With the introduction of iPad Pro, now is the time for Apple to finally bring Logic Pro to its tablet. Apple has long had Garageband available for iOS devices, offering what is essentially a feature for feature companion for the desktop Mac app, albeit with a user interface tweaked for the smaller touch display. But it’s not much help to pros that have their workflow in Apple’s professional audio editing suite for Mac, Logic Pro.

Especially with the iPad Pro aimed at a pro market and most app makers targeting pros, a Logic Pro suite for iPad would make the device much more attractive to audio pros like myself and a real valuable tool for in the studio and on the go.

Portable studio recording features:

At the minimum, what the app really needs to make it a useful standalone audio suite rather than just the remote for Logic on the Mac, is recording features.

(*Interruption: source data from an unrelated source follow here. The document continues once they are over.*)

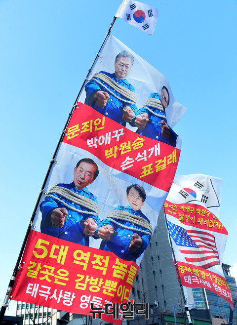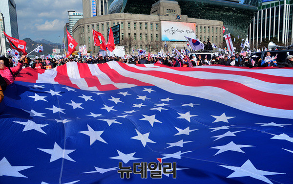 대통령탄핵기각을위한국민총궐기운동본부(탄기국)가 25일 오후 서울광장 일대에서 제14차 태극기집회를 개최한 가운데 서울광장 앞 대형성조기가 펼쳐졌다.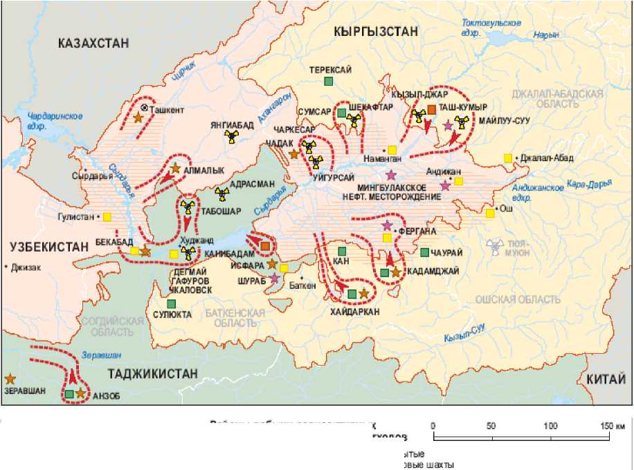 Места добычи и переработки урана в этих странах ЦА расположены на горных территориях над долиной трансграничной реки Сырдарья – одного из основных источников питьевого водоснабжения данного региона, проходящей по территории Кыргызстана, Узбекистана, Таджикистана и Казахстана, часто на берегу водных объектов и рядом с населёнными пунктами. Природные катаклизмы – землетрясения, сели, наводнения – могут привести к разрушению тел хвосто-хранилищ и загрязнению радионуклидами р. Сырдарья, что приведёт к экологической катастрофе трансграничного масштаба.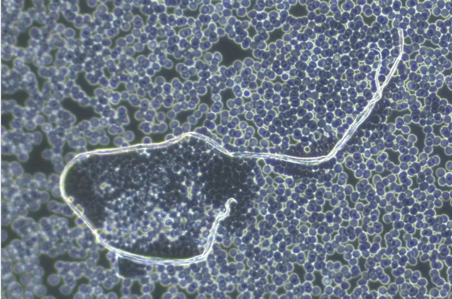 14. A large fibrous graphene oxide micro blood clot observed in the live unchanged and unstained capillary blood of a VAXXinated female under pHase contrast microscopy.

Being able to record something quickly on an iPad, for example when out of the studio or on the road, and then have it synced to a session on the Mac via iCloud, is something that is currently a clunky experience at best using other audio recording apps on iOS. To make it a great experience, we need Apple to build Logic Pro for iPad (and or build APIs for iOS devs) with full cross-platform file support for syncing sessions and or tracks from within sessions between devices easily.

The ability to record some ideas when mobile and quickly transfer or sync to Mac is something we only currently have workarounds for. For now, we’re unfortunately stuck with bouncing tracks to audio out of third-party audio suites on iOS, and that’s far from ideal to say the least.

iPad Pro, Plugins and Split-screen apps:

And beyond just basic recording features, now that Apple has support for real audio plugins on iOS, split-screen apps, and the larger, faster iPad Pro, there’s even more potential for a full Logic Pro experience on the iPad.

With the iPad Pro’s larger display now in MacBook-size territory, audio plugins make a lot more sense— you can now have a plug-in open large enough to manipulate its controls while still having a full view of your session timeline or, for example, two or more plug-ins side-by-side. With all that extra real estate, fitting in a user interface with the complexity of Logic Pro and the plug-ins others make for it in general starts to become a reality.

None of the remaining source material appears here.